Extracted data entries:
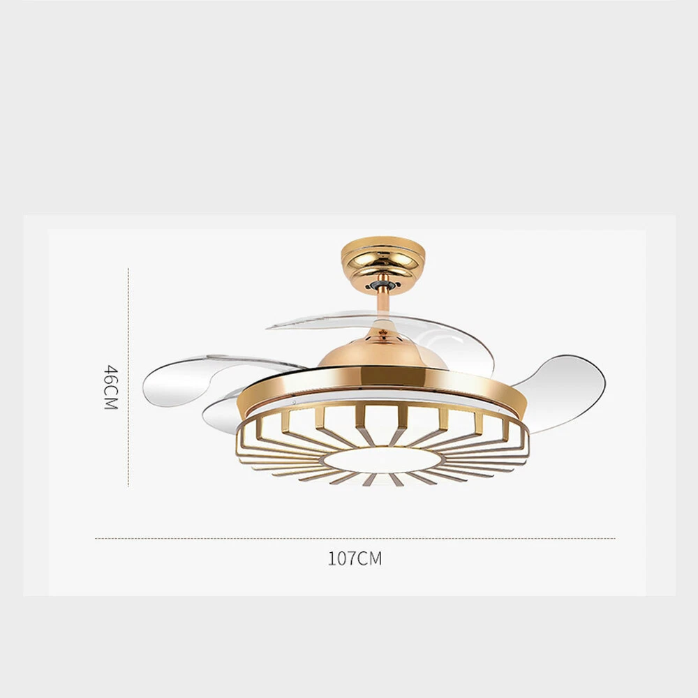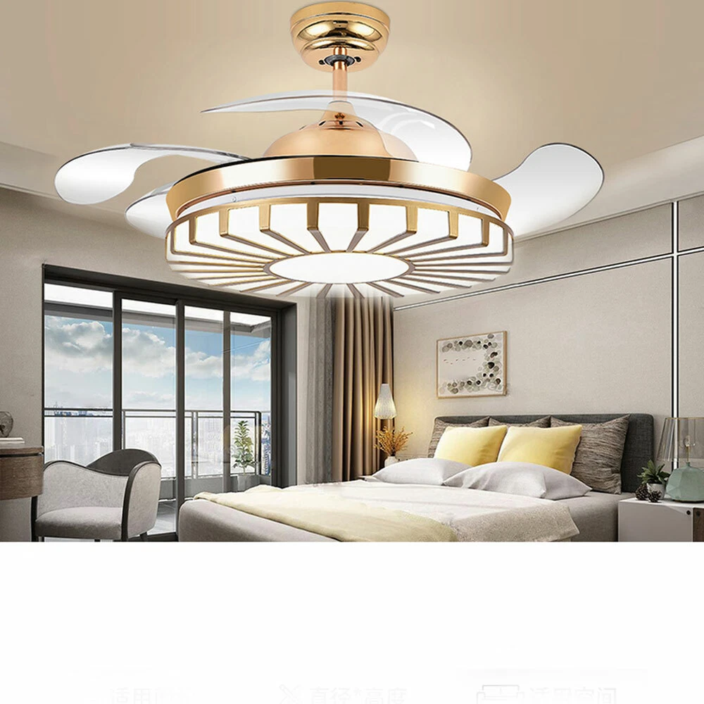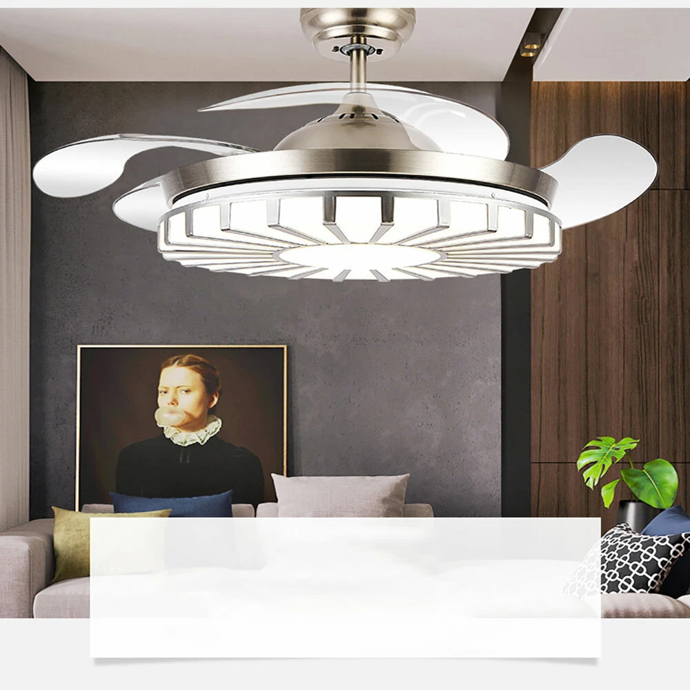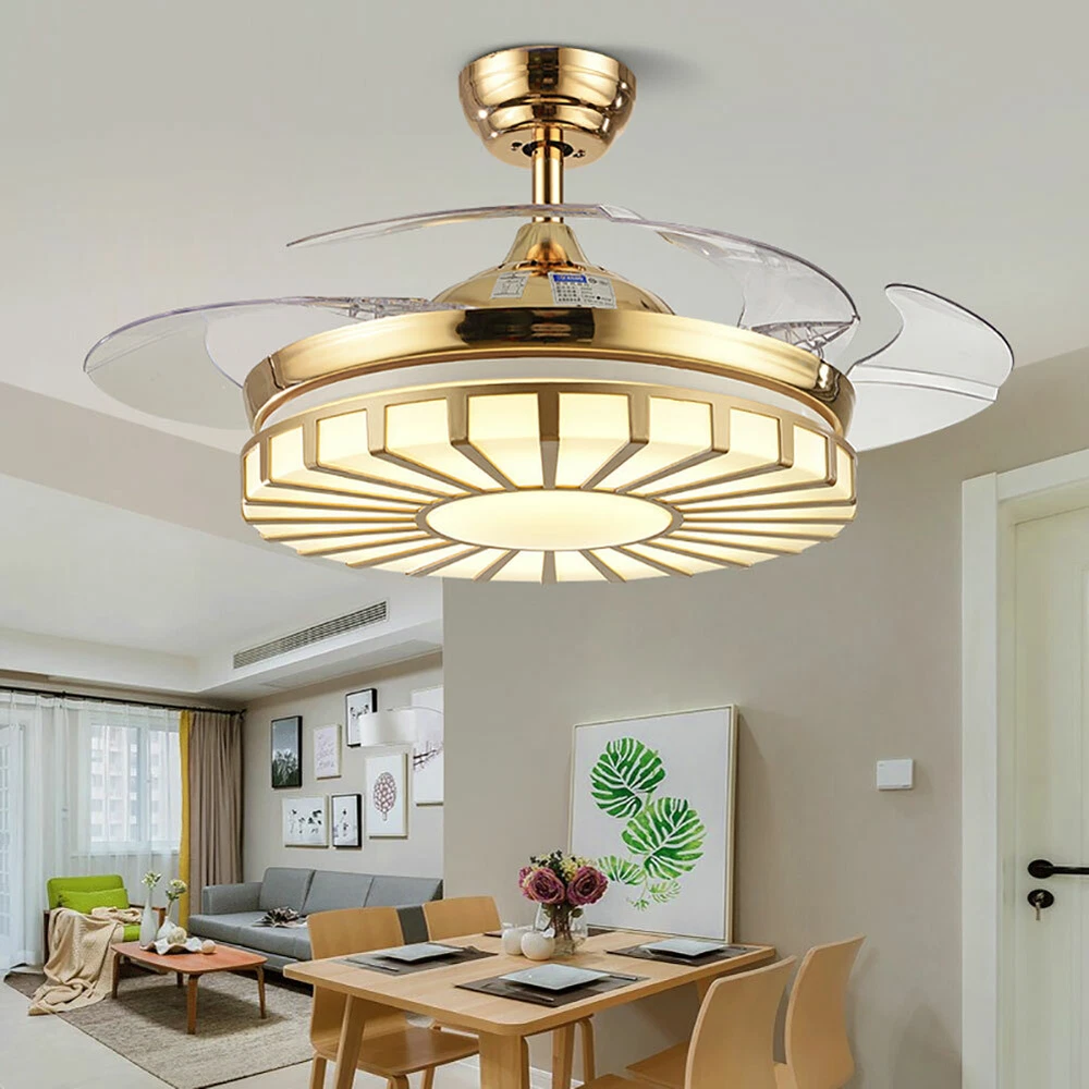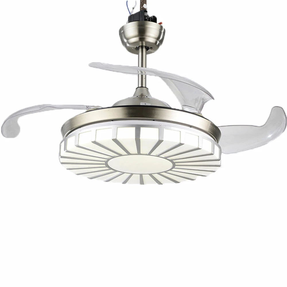 42" Crystal Ceiling Fan Light LED +Remote 4 Retractable Blade Lamp 3 Color speed
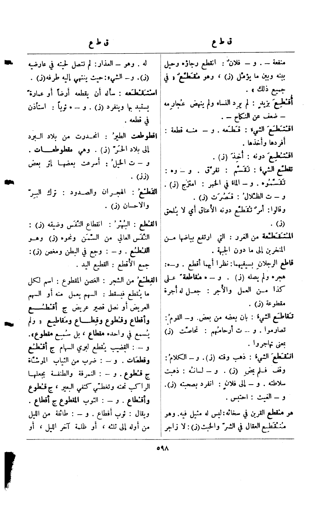 القطع: البهر: انقطاع النفس وضيقه (ز): النفس العالي من السمن ونحوه (ز) وهو القطع. و-: وجع في البطن ومغص (ز): جمع الأقطع: القطيع اليد.
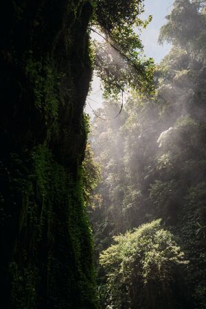 Nungnung Waterfall splashing in Bali Jungle, Indonesia
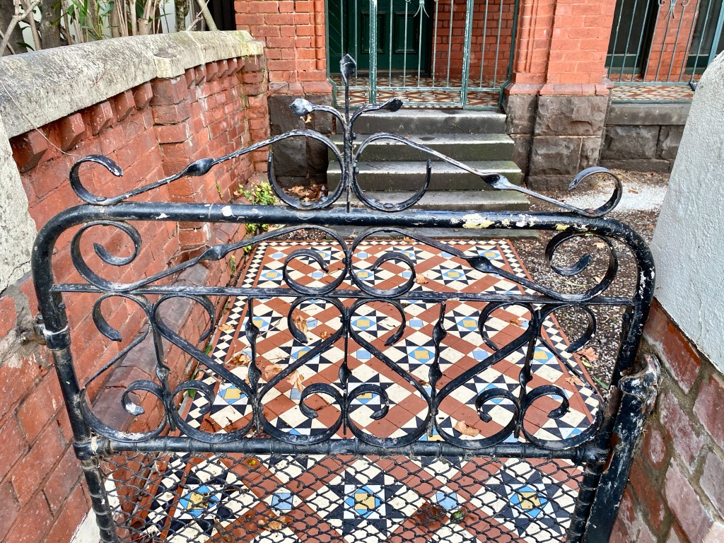 Likely designed by Blackett & Rankin in 1901, a lot of Arts & Crafts influence at a time when Queen Anne Edwardian was just catching on; WAM Blackett was known as an early adopter of Arts & Crafts, a style that didn’t get popular until about 1910. Real estate ads give the ‘Welsh Terrace’ name, which is emphasised by the individual houses named after Welsh towns, so presumably the builder/owner was from there (or thought it might appeal!). Interesting mostly original part cast iron fence, and at least one possibly original woven wire/wrought iron gate.
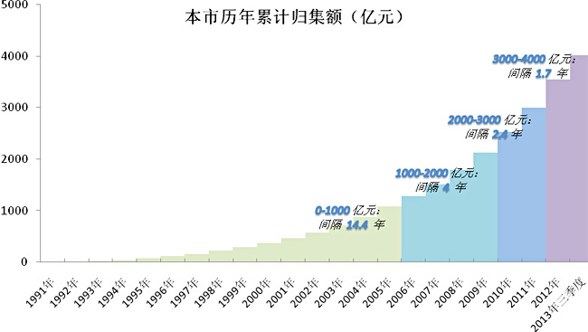 截至三季度末,本市住房公积金累计归集额突破4000亿元,达到4016亿元。近年来,住房公积金归集额始终保持良好增长,归集千亿元资金的时间逐渐缩短。统计数据显示,从1991年建立住房公积金制度起,累计归集额实现0-1000亿元、1000-2000亿元、2000-3000亿元、3000-4000亿元的时间分别为14.4年、4年、2.4年、1.7年。本市住房公积金历年累计归集额见下图:
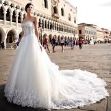 An ideal option for a princess dress - models decorated with floral decor. These can be lush roses, barely blossoming peony buds, royal lilies, violets and other flowers. Flowers are made of lace, satin, silk or laid out with beads or rhinestones.

**Exercise aim**
Write out exactly the opening lines of the data, stopping after the line that holds "Likely designed by". Exclude pictures.

**Solution**
 42" Crystal Ceiling Fan Light LED +Remote 4 Retractable Blade Lamp 3 Color speed
 القطع: البهر: انقطاع النفس وضيقه (ز): النفس العالي من السمن ونحوه (ز) وهو القطع. و-: وجع في البطن ومغص (ز): جمع الأقطع: القطيع اليد.
 Nungnung Waterfall splashing in Bali Jungle, Indonesia
 Likely designed by Blackett & Rankin in 1901, a lot of Arts & Crafts influence at a time when Queen Anne Edwardian was just catching on; WAM Blackett was known as an early adopter of Arts & Crafts, a style that didn’t get popular until about 1910. Real estate ads give the ‘Welsh Terrace’ name, which is emphasised by the individual houses named after Welsh towns, so presumably the builder/owner was from there (or thought it might appeal!). Interesting mostly original part cast iron fence, and at least one possibly original woven wire/wrought iron gate.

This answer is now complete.